ABOUT THIS EXERCISE ::
Entries below include pictures. Output exactly the lines from the one with "2026년 4월 5일" down to the one with "미탑승은 환불이 불가합니다.", both ends included, and leave the pictures out.

RAW DATA ::

● ● ● ● ● ● ●

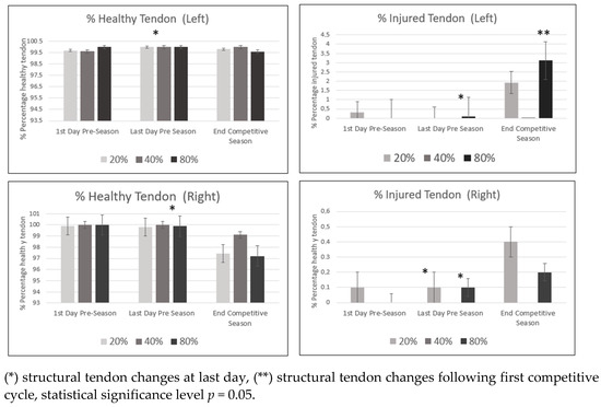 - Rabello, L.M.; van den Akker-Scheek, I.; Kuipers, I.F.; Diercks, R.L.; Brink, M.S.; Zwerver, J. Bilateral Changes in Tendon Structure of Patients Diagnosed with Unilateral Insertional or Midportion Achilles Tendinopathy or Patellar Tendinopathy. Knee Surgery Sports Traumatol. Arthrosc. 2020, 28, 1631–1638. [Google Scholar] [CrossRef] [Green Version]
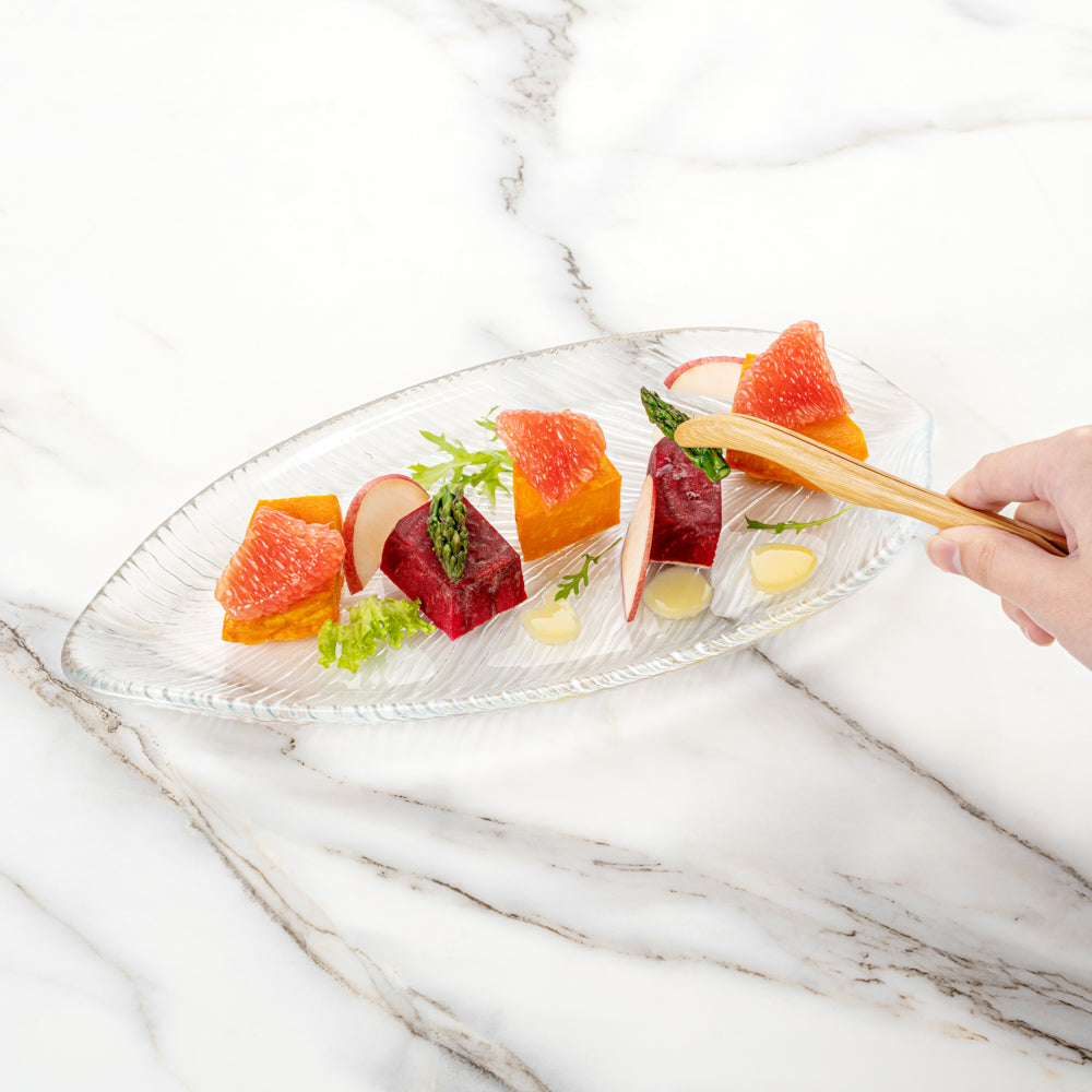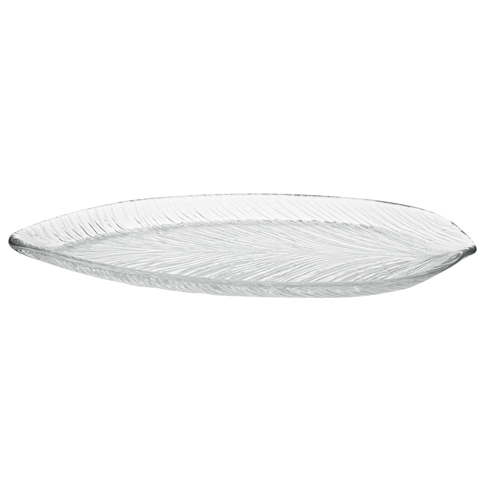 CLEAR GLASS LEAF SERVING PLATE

● ● ● ● ● ● ●

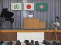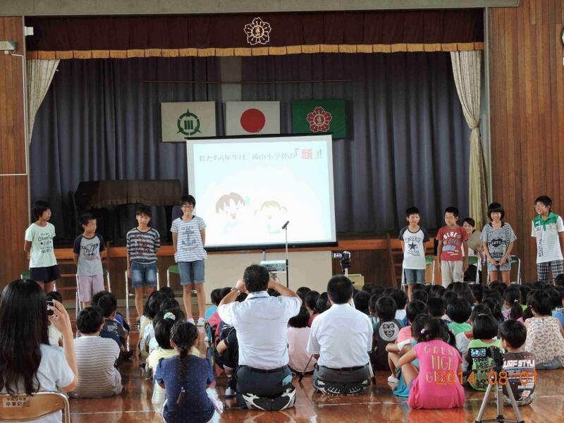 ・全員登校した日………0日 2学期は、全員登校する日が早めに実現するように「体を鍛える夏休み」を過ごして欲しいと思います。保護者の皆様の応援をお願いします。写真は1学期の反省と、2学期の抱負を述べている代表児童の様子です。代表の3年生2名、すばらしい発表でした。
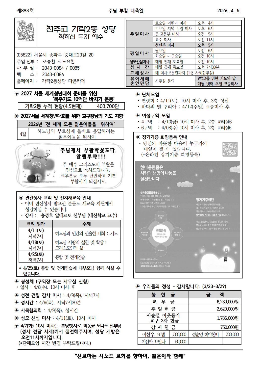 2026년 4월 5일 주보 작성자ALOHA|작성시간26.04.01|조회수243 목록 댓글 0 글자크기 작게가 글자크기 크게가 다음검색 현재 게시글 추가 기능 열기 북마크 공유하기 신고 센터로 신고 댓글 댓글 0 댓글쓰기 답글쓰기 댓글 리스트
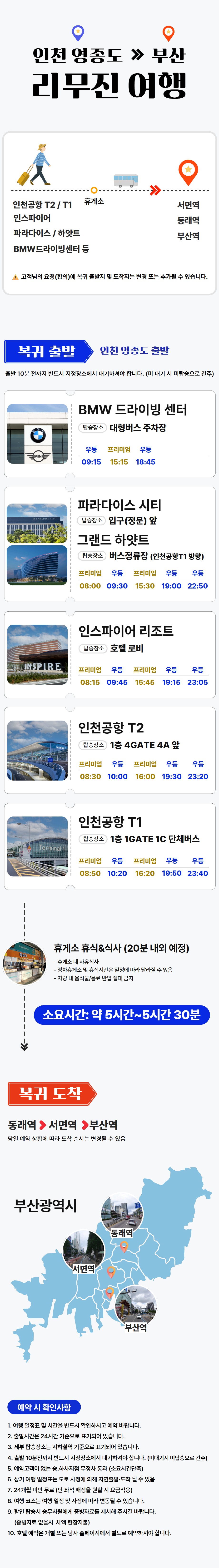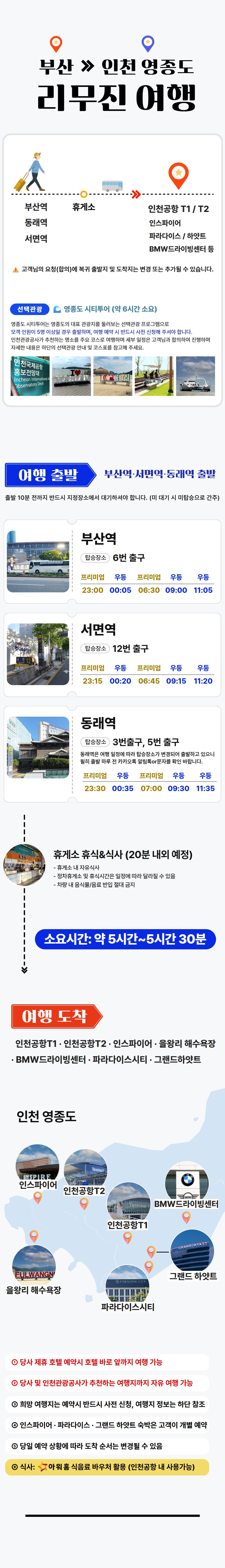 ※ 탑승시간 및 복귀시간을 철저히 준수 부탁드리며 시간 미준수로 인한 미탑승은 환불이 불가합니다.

● ● ● ● ● ● ●

OUTPUT ::
 2026년 4월 5일 주보 작성자ALOHA|작성시간26.04.01|조회수243 목록 댓글 0 글자크기 작게가 글자크기 크게가 다음검색 현재 게시글 추가 기능 열기 북마크 공유하기 신고 센터로 신고 댓글 댓글 0 댓글쓰기 답글쓰기 댓글 리스트
 ※ 탑승시간 및 복귀시간을 철저히 준수 부탁드리며 시간 미준수로 인한 미탑승은 환불이 불가합니다.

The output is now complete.